Broiled Salmon with Dill-Caper Sauce is a quick, easy, nutrient-dense entree with a make-ahead sauce worthy serving to guests.
Featured Ingredients
Salmon is an incredible source of over twenty nutrients including vitamins, minerals, functional fats, and phytonutrients. It is a top food source of EPA & DHA, offering over 50% of the daily value per 4-ounce serving, and comes in a variety of types that you can easily find at your grocery store including farmed Atlantic salmon, wild Atlantic salmon, sockeye salmon, pink salmon and coho salmon.
Olive oil is consistently linked with health benefits, including reducing cardiovascular disease risk (both heart disease and stroke), Alzheimer’s risk, and cancer risk, improving blood sugar regulation and insulin sensitivity, reducing likelihood of weight gain (and maybe even aid in weight loss), reducing joint pain and swelling in rheumatoid arthritis, and generally reduce markers of inflammation.
Herbs and spices do so much more than flavor our food! As concentrated sources of beneficial phytonutrients, they provide diverse health benefits such as reducing risk of cardiovascular disease, type 2 diabetes, and even some forms of cancer.
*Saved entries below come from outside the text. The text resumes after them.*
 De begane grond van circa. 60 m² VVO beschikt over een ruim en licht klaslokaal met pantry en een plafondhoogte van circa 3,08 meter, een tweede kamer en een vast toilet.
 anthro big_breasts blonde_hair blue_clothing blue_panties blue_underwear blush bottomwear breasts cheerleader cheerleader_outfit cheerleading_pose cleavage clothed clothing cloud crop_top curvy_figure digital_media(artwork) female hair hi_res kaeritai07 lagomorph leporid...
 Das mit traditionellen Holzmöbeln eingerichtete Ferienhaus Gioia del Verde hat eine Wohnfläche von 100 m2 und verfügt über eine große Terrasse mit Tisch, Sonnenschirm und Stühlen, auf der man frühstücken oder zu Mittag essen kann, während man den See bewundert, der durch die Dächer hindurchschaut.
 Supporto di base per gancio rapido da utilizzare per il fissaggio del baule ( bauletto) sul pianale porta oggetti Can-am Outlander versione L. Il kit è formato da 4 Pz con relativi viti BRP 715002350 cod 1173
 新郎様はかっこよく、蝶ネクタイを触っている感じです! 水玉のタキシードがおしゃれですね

Broiled Salmon with Dill Caper Sauce
Ingredients
For the Dill-Caper Sauce
- 1/2 cup mayonnaise
- 3 tablespoons dill fresh, chopped
- 2 tablespoons olive oil
For the Broiled Salmon
- 1 pound salmon divided into four servings
- 1/2 teaspoon salt (truffle salt even better)
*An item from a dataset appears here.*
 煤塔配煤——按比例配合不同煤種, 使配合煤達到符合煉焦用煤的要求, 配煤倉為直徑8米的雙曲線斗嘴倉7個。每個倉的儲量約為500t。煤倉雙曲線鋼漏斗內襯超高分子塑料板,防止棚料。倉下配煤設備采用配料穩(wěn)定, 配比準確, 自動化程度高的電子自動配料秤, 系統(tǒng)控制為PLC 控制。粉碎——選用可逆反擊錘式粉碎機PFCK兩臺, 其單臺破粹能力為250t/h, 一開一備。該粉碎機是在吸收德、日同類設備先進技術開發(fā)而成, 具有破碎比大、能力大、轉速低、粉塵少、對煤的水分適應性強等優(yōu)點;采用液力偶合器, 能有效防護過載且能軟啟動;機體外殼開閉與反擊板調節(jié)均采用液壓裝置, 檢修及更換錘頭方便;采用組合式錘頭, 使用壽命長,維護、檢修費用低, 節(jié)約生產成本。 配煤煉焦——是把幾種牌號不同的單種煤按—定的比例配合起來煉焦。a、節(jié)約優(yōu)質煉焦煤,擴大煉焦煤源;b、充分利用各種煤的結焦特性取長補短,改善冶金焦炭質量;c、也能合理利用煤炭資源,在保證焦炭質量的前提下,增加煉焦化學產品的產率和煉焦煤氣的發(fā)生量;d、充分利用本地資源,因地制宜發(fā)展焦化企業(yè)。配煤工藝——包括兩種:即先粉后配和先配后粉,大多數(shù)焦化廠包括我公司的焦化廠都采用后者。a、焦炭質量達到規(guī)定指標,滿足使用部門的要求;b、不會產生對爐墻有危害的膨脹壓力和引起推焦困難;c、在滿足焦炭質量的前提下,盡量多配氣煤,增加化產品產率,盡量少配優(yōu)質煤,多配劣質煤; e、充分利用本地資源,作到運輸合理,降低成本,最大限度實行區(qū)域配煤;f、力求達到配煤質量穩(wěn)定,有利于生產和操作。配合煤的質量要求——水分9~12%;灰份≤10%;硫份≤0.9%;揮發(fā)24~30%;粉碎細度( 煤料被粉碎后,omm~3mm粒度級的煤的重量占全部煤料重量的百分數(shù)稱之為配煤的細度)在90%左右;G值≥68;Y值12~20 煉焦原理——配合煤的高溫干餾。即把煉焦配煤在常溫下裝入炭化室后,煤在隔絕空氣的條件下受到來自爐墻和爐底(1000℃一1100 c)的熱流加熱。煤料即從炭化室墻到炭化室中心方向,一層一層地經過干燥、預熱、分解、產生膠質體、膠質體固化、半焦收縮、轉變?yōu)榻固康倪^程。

- 1/4 teaspoon black pepper
- 1 1/2 teaspoons thyme fresh, chopped (about 5 to 6 sprigs)
Instructions
For the Dill-Caper Sauce
- To make the dill-caper sauce, combine the mayonnaise, dill, and 2 tablespoons of capers. Taste and add an additional tablespoons of capers, if desired. Store the sauce in the refrigerator until you are ready to serve the salmon.
For the Broiled Salmon
- Place a rack high up in the oven so that the surface of the salmon will be 6 to 8 inches from the top element. Turn the broiler to high and let it preheat for about 10 minutes before putting the salmon in the oven. Coat a rimmed baking sheet with the olive oil.
- Place the salmon fillets skin side down on the oiled baking sheet. Sprinkle with the truffle salt and thyme.
- Broiled for 8 to 9 minutes, until the segments flake apart easily and the salmon is opaque throughout. Serve with the dill-caper sauce.